Oscar Piastri split his time between the medium and the soft, as did Carlos Sainz at Ferrari. Sainz was in the pre-update Imola-spec Ferrari, Leclerc in the Barcelona update-spec as the team continues to try to understand why the upgrade is not delivering the simulated performance increase. At Mercedes, George Russell and Lewis Hamilton devoted their long runs solely to the soft C3 tyre.


Long run times

1 Norris 1m32.01s (9 laps, medium)
2 Verstappen 1m32.19s (9 laps, medium)
3 Piastri 1m32.22s (5 laps, medium)*
4 Russell 1m32.423s (8 laps, soft)
5 Sainz 1m32.5s (3 laps, medium)**
6 Leclerc 1m32.55s (9 laps, medium)
7 Hamilton 1m32.781s (8 laps, soft)
8 Stroll 1m33.41s (5 laps, soft)
9 Alonso 1m33.46s (5 laps, medium)

*Piastri also set a 1m32.422s six-lap average on softs
**Sainz also set a 1m32.76s five-lap average on softs


The McLarens were 1-2 in the headline times, but appeared to be running a slightly higher power unit mode than that of the Red Bulls. Norris’s lap was 0.4s faster than Perez’s, so suggesting that Verstappen would have been roughly on par with Norris had he completed his second lap. But with a likely lower engine mode.

The McLaren was consistently fastest of the top four team cars at the end of the straights, even in the DRS zones. It’s typically among the fastest on non-DRS parts of the straight but usually falls behind the Red Bull as soon as DRS is deployed. That wasn’t the case here, suggesting the Red Bull is either running a lower power mode or a higher level of downforce.

Downforce choices may change into Saturday as that uncertainty over the weather extends beyond just the Friday running, with an uncertain forecast for the rest of the weekend.

“The pace in dry conditions might not necessarily be that important for the rest of the weekend,” said Piastri. “So we’ll see. I think it’s going to be a tough one for all the teams trying to stay on top of the weather. Trying to stay on top of British weather is hard in normal times, let alone on a race weekend.”

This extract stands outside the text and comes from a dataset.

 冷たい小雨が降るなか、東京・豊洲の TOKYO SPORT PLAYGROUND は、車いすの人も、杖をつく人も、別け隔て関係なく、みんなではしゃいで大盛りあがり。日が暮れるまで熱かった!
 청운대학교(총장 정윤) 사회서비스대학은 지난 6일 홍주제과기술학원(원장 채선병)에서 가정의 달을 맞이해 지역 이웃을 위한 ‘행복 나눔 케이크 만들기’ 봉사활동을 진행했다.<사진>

Ferrari and Mercedes were closely-matched over one lap, albeit a few tenths shy of the potential McLaren/Red Bull pace.

“We struggled a bit more this afternoon than this morning,” reported Russell. “It got a little bit windier and I don’t think we quite nailed the tyres. But I think pretty similar competitiveness as we’ve seen in the last few races.”

There is doubtless plenty of competitive see-sawing still to come but the foundation of the weekend looks like the usual Verstappen vs McLaren contest.